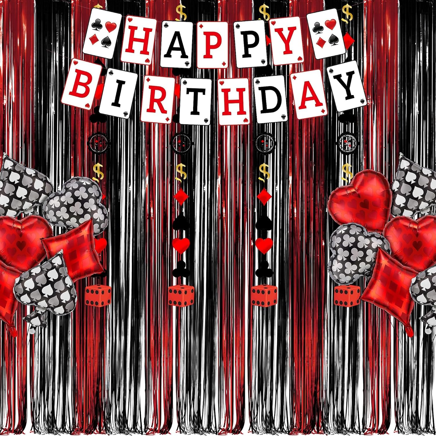 - Infuse an aura of mystery with our Black Red party streamers β a captivating addition that Black and Red themed events, Casino's theme party, and more. These tinsel backdrops in foil fringe curtain style will transport you to the world of Stranger.
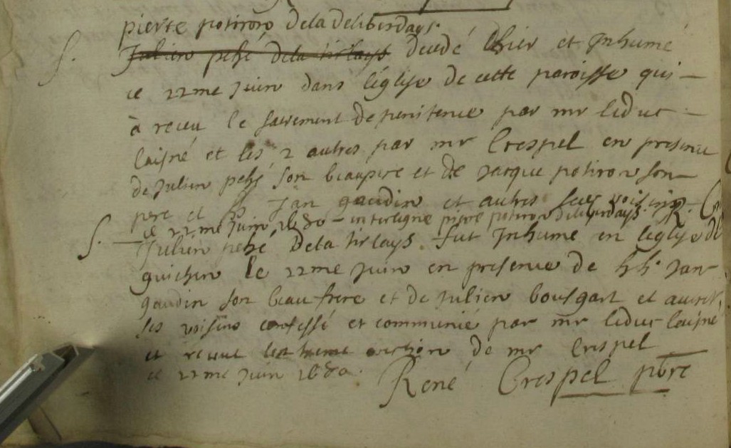 Témoins :PEHE Julien ( < 1640 - > 1680 )
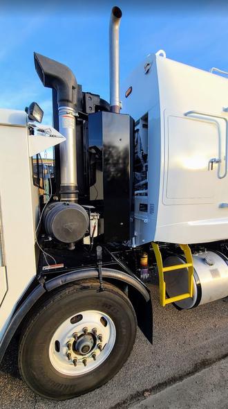 The color scheme was to paint the frame black, the body and cab white, and certain accessories yellow. This required our technicians to carefully mask off every hose, decal, sign, and other components as each color was applied.
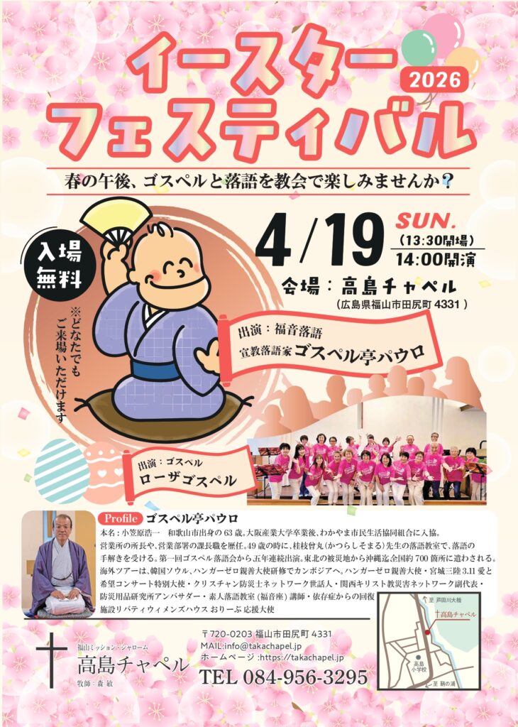 4月19日日曜日13時30分から福山市田尻町高島チャペルでイースターフェスティバル2026を開催します。春の午後、ゴスペルと落語を教会で楽しみませんか?ゴスペルは福山市内を中心に活動するローザゴスペル。素敵な歌声を聞かせてくれます。また、落語は福音落語家 ゴスペル亭パウロ。楽しい落語といっしょにゴスペルのメッセージを伝えてくれます。入場料は無料です。駐車場もあります。どなたでもご参加頂けます。みなさんのお越しお待ちしております。
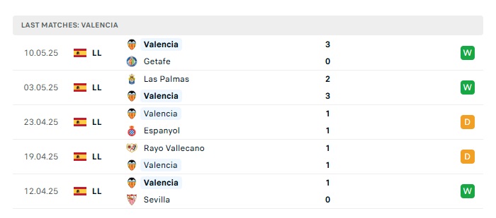 Phong độ gần đây Valencia  vs Athletic Bilbao
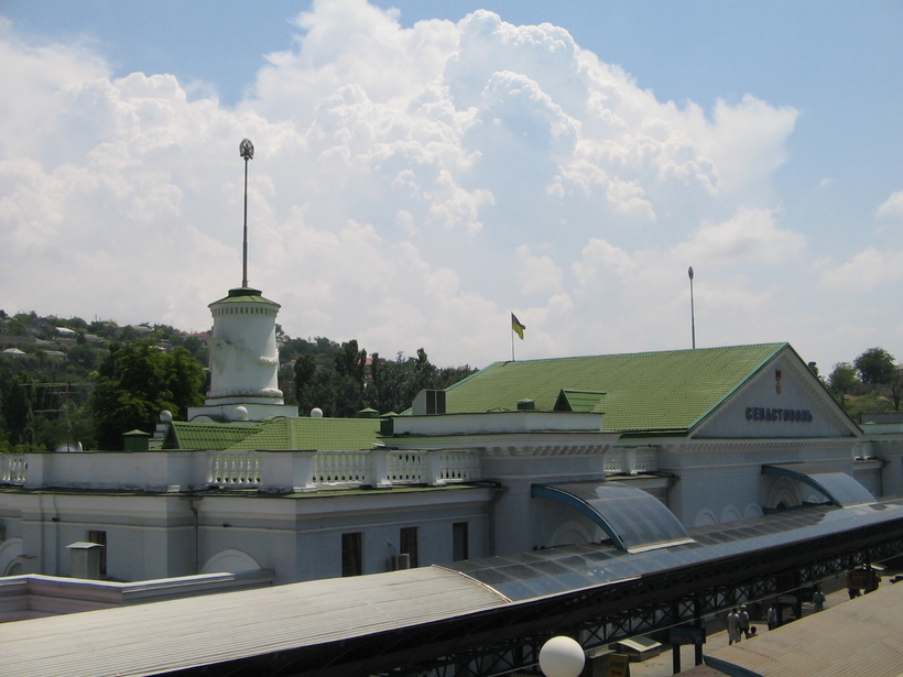 От железнодорожного вокзала едим электричкой Севастополь - Симферополь до Инкермана. Время в пути 11 минут, стоянка 1 минута. Чем интересен этот коротенький маршрут? Тоннелями, их на этом коротком отрезке пути – 6 !!! Тоннели начинаются, как только вы отъехали от жд, часть железнодорожной ветки проложена по территории судостроительного завода, остальная часть – вдоль Севастопольской бухты.
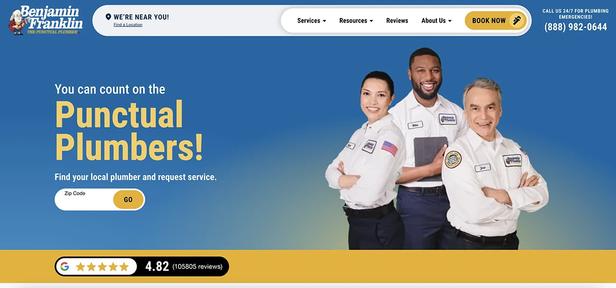 Benjamin Franklin Plumbing is a great example of how structure, trust, and urgency drive conversions.
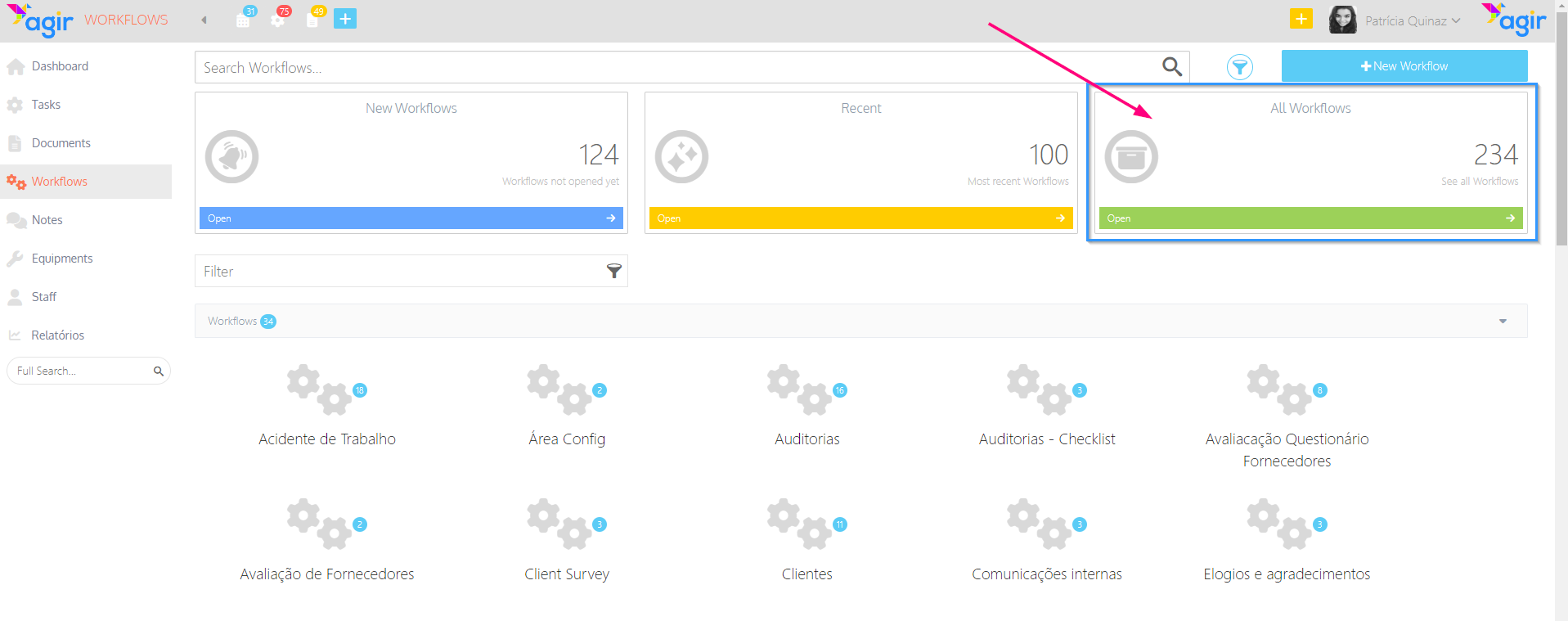 3. A list of records/documents corresponding to the category you chose will appear. In the example below, all existing workflow records are listed.
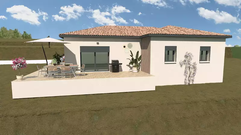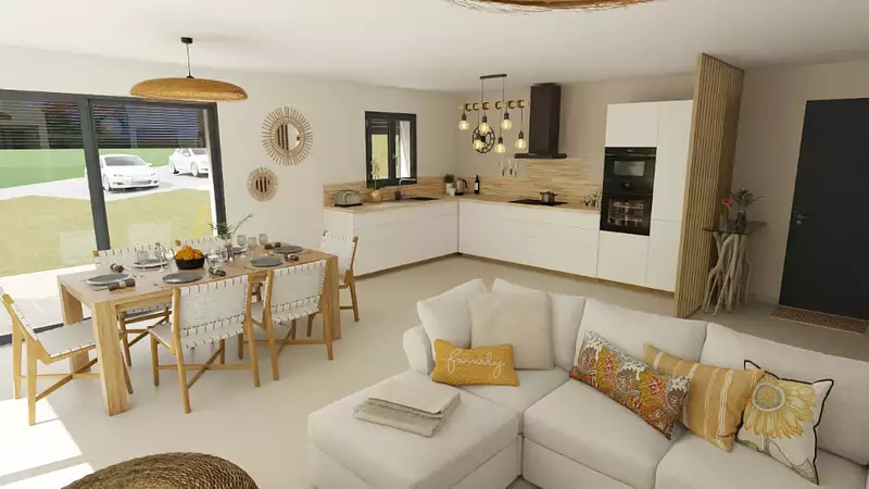 Maison de plain-pied avec un décroché en façade, elle comporte 3 chambres, une salle d'eau, 1 WC, 1 grand cellier et une belle pièce de vie de 46 m² avec cuisine ouverte vous permettant de recevoir vos amis et votre famille.

* [Try it] Only the text of the records belongs in your answer, copied exactly as it appears above.

* [Result of this task]
 - Infuse an aura of mystery with our Black Red party streamers β a captivating addition that Black and Red themed events, Casino's theme party, and more. These tinsel backdrops in foil fringe curtain style will transport you to the world of Stranger.
 Témoins :PEHE Julien ( < 1640 - > 1680 )
 The color scheme was to paint the frame black, the body and cab white, and certain accessories yellow. This required our technicians to carefully mask off every hose, decal, sign, and other components as each color was applied.
 4月19日日曜日13時30分から福山市田尻町高島チャペルでイースターフェスティバル2026を開催します。春の午後、ゴスペルと落語を教会で楽しみませんか?ゴスペルは福山市内を中心に活動するローザゴスペル。素敵な歌声を聞かせてくれます。また、落語は福音落語家 ゴスペル亭パウロ。楽しい落語といっしょにゴスペルのメッセージを伝えてくれます。入場料は無料です。駐車場もあります。どなたでもご参加頂けます。みなさんのお越しお待ちしております。
 Phong độ gần đây Valencia  vs Athletic Bilbao
 От железнодорожного вокзала едим электричкой Севастополь - Симферополь до Инкермана. Время в пути 11 минут, стоянка 1 минута. Чем интересен этот коротенький маршрут? Тоннелями, их на этом коротком отрезке пути – 6 !!! Тоннели начинаются, как только вы отъехали от жд, часть железнодорожной ветки проложена по территории судостроительного завода, остальная часть – вдоль Севастопольской бухты.
 Benjamin Franklin Plumbing is a great example of how structure, trust, and urgency drive conversions.
 3. A list of records/documents corresponding to the category you chose will appear. In the example below, all existing workflow records are listed.
 Maison de plain-pied avec un décroché en façade, elle comporte 3 chambres, une salle d'eau, 1 WC, 1 grand cellier et une belle pièce de vie de 46 m² avec cuisine ouverte vous permettant de recevoir vos amis et votre famille.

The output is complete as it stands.